# [Dataset content]
--- START ---

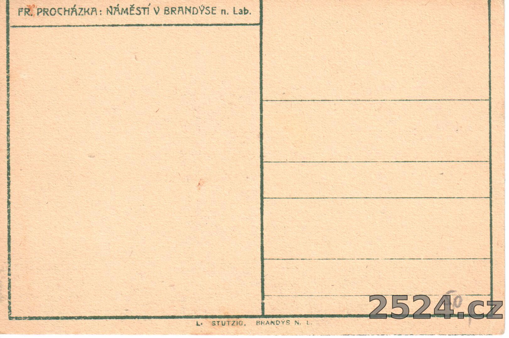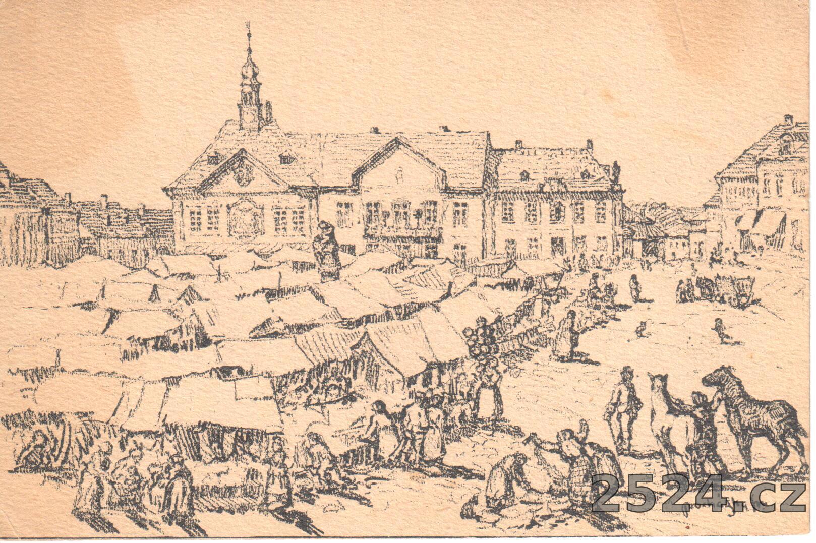 Popis: neprošlá, pohlednice ze sady pohlednic malíře F. X. Procházky, zobrazuje trh na náměstí, pravděpodobně skica k obrazu který je v majetku města Brandýsa n. L.
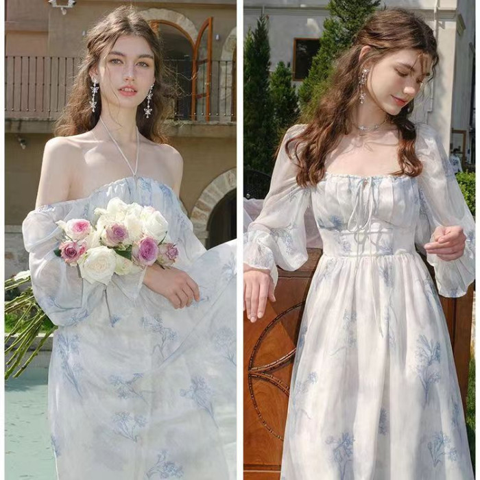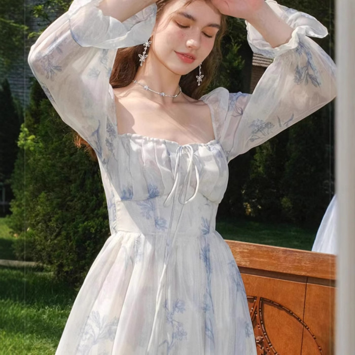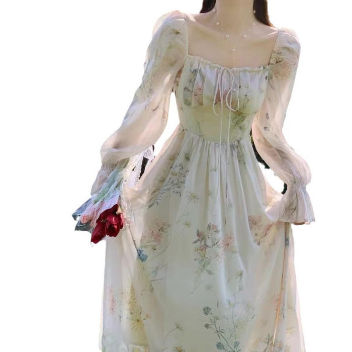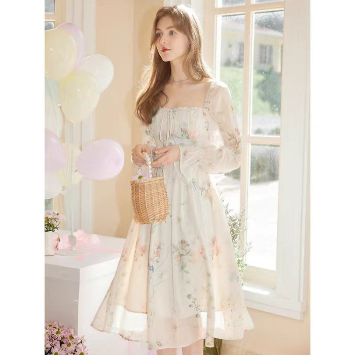 法式茶歇裙2024春夏新款燈籠袖氣質仙女長裙收腰碎花連衣裙女
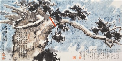 我畫古木,一是喜其造型奇崛,筆墨可蒼拙老辣;二是喜其精神,此正如孔夫子所言:“歲寒,然后知松柏之后凋也?!币蛑耶嬦躁柟虐?,就體會漢武帝所封的大將軍、二將軍古柏造型與人物氣質(zhì)、江山棟梁的關(guān)系;畫泰安普照寺一品大夫松,就將其置風雪之中,取《莊子》“澡雪而精神”之意,名《澡雪圖》,總是希圖寄托些關(guān)乎人文、人格的內(nèi)美。
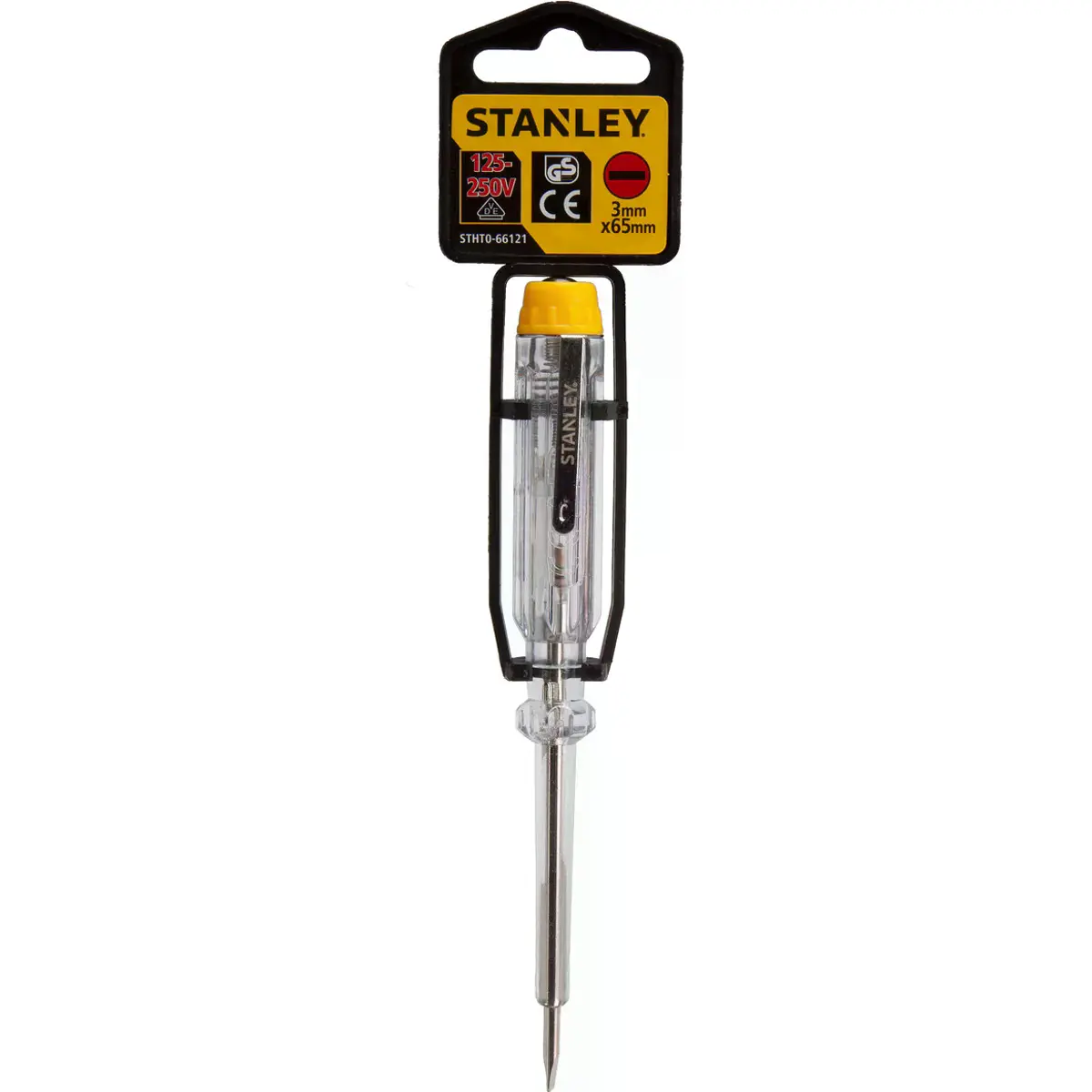 O Busca-Pólos STANLEY de 3 mm x 65 mm permite testes de segurança em qualquer parte de um circuito elétrico de até 250 V MÁX. Em conformidade com as normas VDE, GS e CE.
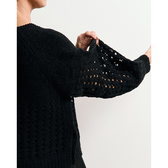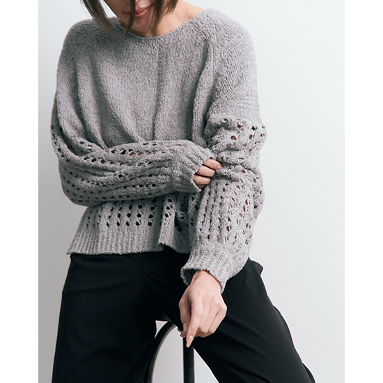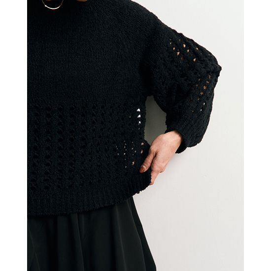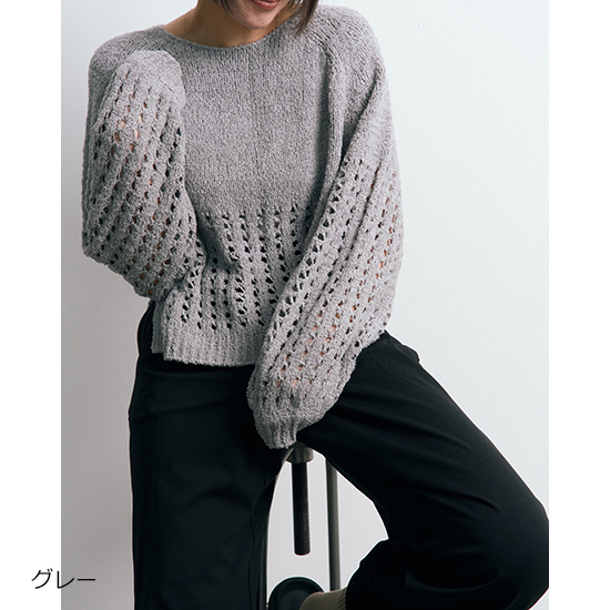 メッシュのような編地が、抜け感と軽やかさを演出した編みニットプルオーバー。
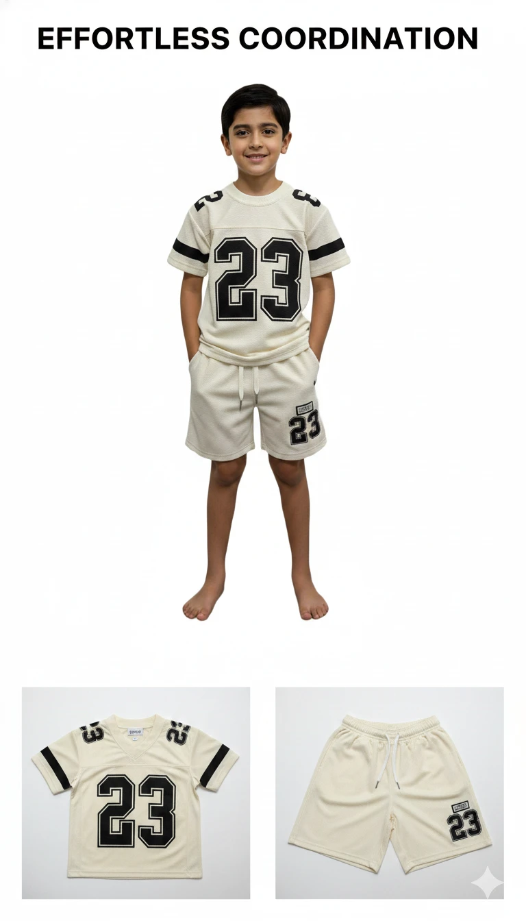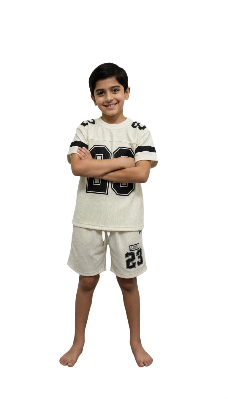 The top features bold "23" numbering on the front, along with sporty stripe detailing on the sleeves, giving it an authentic athletic vibe. The coordinating shorts come with a comfortable drawstring waist for a perfect fit and convenient side pockets to keep his essentials close. Durable and easy to care for, this set is ready for all his adventures. Let him express his inner athlete and look great doing it!
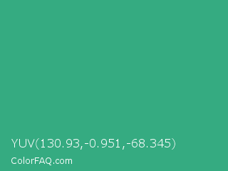 YUV 130.93,-0.951,-68.345 Color is a normal green color and the nearest color is Jungle Green #29ab87. Hex code #35ab81 and RGB value is rgb(53,171,129). In RGB color space, this color is composed of 21% red, 67% green, 51% blue, In CMYK color space, this color is composed of 69% cyan, 0% magenta, 25% yellow , 33% black , In HSL color space, this color has a hue angle of 159° , 53% saturation and 44% lightness.

--- END ---

# [Task objective]
Look above for the line with "我畫古木,一是喜其造型奇崛,筆墨可蒼拙老" and copy exactly from it through the line with "メッシュのような編地が、抜け感と軽やかさを演出した編みニットプルオーバー。", both included. Omit the pictures.

# [Problem solution]
 我畫古木,一是喜其造型奇崛,筆墨可蒼拙老辣;二是喜其精神,此正如孔夫子所言:“歲寒,然后知松柏之后凋也?!币蛑耶嬦躁柟虐?,就體會漢武帝所封的大將軍、二將軍古柏造型與人物氣質(zhì)、江山棟梁的關(guān)系;畫泰安普照寺一品大夫松,就將其置風雪之中,取《莊子》“澡雪而精神”之意,名《澡雪圖》,總是希圖寄托些關(guān)乎人文、人格的內(nèi)美。
 O Busca-Pólos STANLEY de 3 mm x 65 mm permite testes de segurança em qualquer parte de um circuito elétrico de até 250 V MÁX. Em conformidade com as normas VDE, GS e CE.
 メッシュのような編地が、抜け感と軽やかさを演出した編みニットプルオーバー。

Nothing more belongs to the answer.